Doctors recommend that people who have heart attacks receive treatment to open their blocked arteries within 12 hours after an attack. Even past those 12 hours, though, a procedure to open blocked arteries called angioplasty was thought to prevent future heart problems. A new study, however, found that stable patients getting late angioplasty did no better than patients on drug therapy alone.
Each year, about a million people in the U.S. have a heart attack and half of them die. The NIH-funded Occluded Artery Trial sought to find out whether it really helped stable patients to perform angioplasty 3-28 days after a heart attack in a totally blocked coronary artery related to the heart attack.
A total of 2,166 patients were randomly assigned to receive drug therapy or routine angioplasty with stenting (placing a metal mesh tube in the artery to keep it open) along with drug therapy. The trial found no significant difference between the groups over an average of 3 years and up to 5. There was a trend toward more heart attacks in the angioplasty group but it was not statistically significant. The patients will need to be followed for longer to see if any significant trends emerge.

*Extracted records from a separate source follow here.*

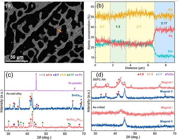 2. 工艺创新,界面调控:摒弃传统的“粉体混合-球磨”思路,创新性地采用预合金化Sm-Co-Fe铸锭进行球磨,获得完全非晶前驱体。通过后续受控晶化,成功驱动FeCo软磁相与SmCo硬磁相(主要为1:7相)同步形核、协同生长,最终原位形成两相直接接触的独特纳米复合结构。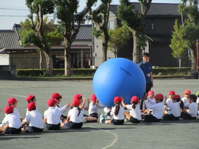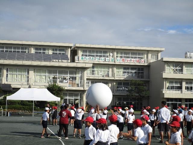 今日は、全校競技「大玉送り」の練習をしました。赤、青、白の3チームに分かれ、大玉を送る速さを競います。まっすぐ玉が進むよう、力を合わせてがんばりました。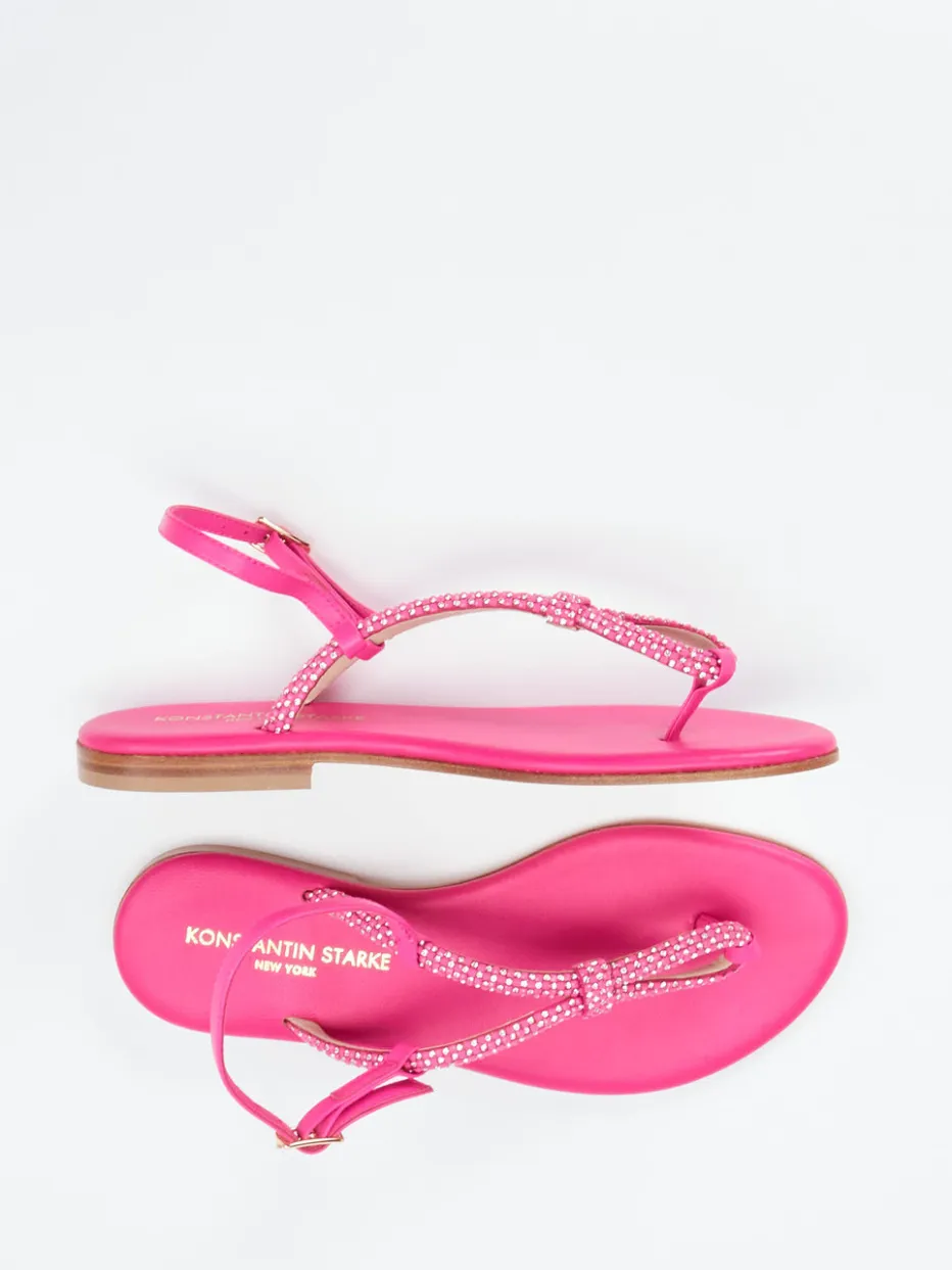 Strahlendes Highlight für warme Tage.Konstantin Starke präsentiert eine Damen-Zehentrenner-Sandale, die sommerliche Trends gekonnt aufgreift. Für Citytrips, entspannte Sommertage oder als Partypiece bietet das Paar mit glänzendem Metallicleder in knalligem Pink auffällige Akzente. Funkelnde Strasssteinchen auf dem Zehenriemen und eine goldfarbene Dornschließe setzen glamouröse Highlights. Die flache Silhouette mit weich gepolstertem Lederfußbett sowie die italienische Ledersohle stehen für stilvolle Qualität. Trendstarke Einflüsse wie „Barbiecore“ und Y2K-Ästhetik treffen auf alltagstaugliche Eleganz. Ideal kombinierbar mit weißen Sommerkleidern oder metallicfarbenen Accessoires. Ein modischer Sommerbegleiter mit Stilbewusstsein und Qualitätsanspruch.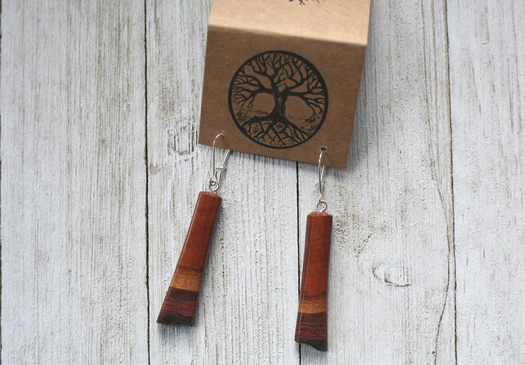 These earrings were created by my husband Jeff in one of our very favorite woods of all time- mountain mahogany. Mountain mahogany is just gorgeous! The colors can have such a wide range and some pieces (like this) remind us of desert scenes. I love the different colors in the grain of these earrings, and the natural bark along the bottom. These earrings are unique works of art! I love the size and shape of these too.

“These results challenge the long-standing belief that opening a blocked artery is always good,” said NHLBI director Dr. Elizabeth G. Nabel. The late opening of a coronary artery involved in a heart attack should be reserved only for certain patients, the researchers say, such as those who are unstable or continue to have chest pain after a heart attack.
If you think you’re having a heart attack, this study shows how important it is to seek care as soon as possible. But don’t forget that controlling the risk factors for heart disease—such as high cholesterol and high blood pressure—is your first line of defense against heart attacks.